Neutronic Analysis of the AP1000 Fuel Assembly with Accident Tolerant Cladding Materials

Year 2025, Early View, 1 - 1

Wahid Luthfı Surian Pinem Farisy Yogatama Sulistyo Tukiran Surbakti

https://doi.org/10.35378/gujs.1332751

Abstract

An alternative material for fuel cladding was required to prevent oxidation caused by interacting with steam, leading to improvement in core integrity. This study analyzes reactor physics parameters of various cladding material candidates for Pressurized Water Reactor (PWR) such as SS-304 austenitic stainless steel, FeCrAl alloy, APMT alloy, and silicon carbide (SiC) ceramic, as candidate Accident Tolerant Fuel (ATF). The neutronic parameters such as infinite multiplication factor (k-inf), and neutron spectrum, while temperature reactivity coefficient related to fuel temperature (DTC) and moderator temperature (MTC) is also considered, followed by a void coefficient of reactivity (VCR) of each candidate material were then compared with ZIRLO as a standard cladding material of AP1000. k-inf calculated by SRAC2006 is also compared to MCNP for various fuel assembly types.
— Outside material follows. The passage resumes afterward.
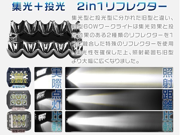 集光型と投光型に分かれた旧型と違い、新型60wワークライトは集光効果と投光効果のある2種類のリフレクターを一つに融合した特殊のリフレクターを使用します。集光性を確保した上、照射範囲も旧型より大幅に広くなりました。
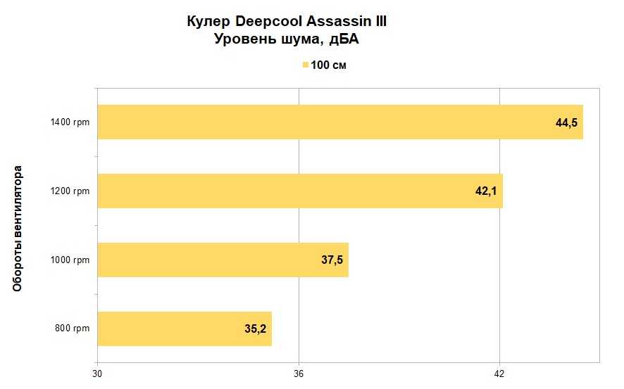 Чем Deepcool Assassin III, к сожалению, не может похвастать, так это тихой работой на максимальных оборотах, хотя в комплекте есть адаптер LSP, ограничивающий максимальные обороты до 1000 rpm. Да и из-за своих габаритов у суперкулера есть проблема совместимости с модулями памяти, имеющими высокие радиаторы (потребуется демонтаж переднего вентилятора), что характерно для кулеров с двухсекционной конструкцией.

At the beginning of cycle (BOC), the 2.35% UO2 using SiC gives a higher kinf than ZIRLO at 937 pcm, while 4.45% UO2 with 88 IFBA & 9 PYREX at 796 pcm. FeCrAl, APMT, and SS-304 cladding gave a smaller k-inf compared to ZIRLO in the range of 11000-14000 pcm at 2.35% UO2 fuel assembly. The values of DTC, MTC, and VCR were still negative throughout the reactor operation which indicates that the inherent safety feature of alternative cladding was possible for this type of fuel assembly, especially for iron-based cladding material followed by an increase in fuel enrichment.

Keywords

Alternative cladding material, Accident tolerant fuel (ATF), K-inf, Coefficient of reactivity, SRAC2006

Supporting Institution

National Research and Innovation Agency (BRIN)

Project Number

DIPA- 124.01.1.690503/2022

Thanks

Thank you to the head of the Research Center for Nuclear Reactor Technology (PRTRN) Research Organization for Nuclear Energy (ORTN), National Research and Innovation Agency (BRIN) for supporting this research through DIPA 2022 No. DIPA- 124.01.1.690503/2022.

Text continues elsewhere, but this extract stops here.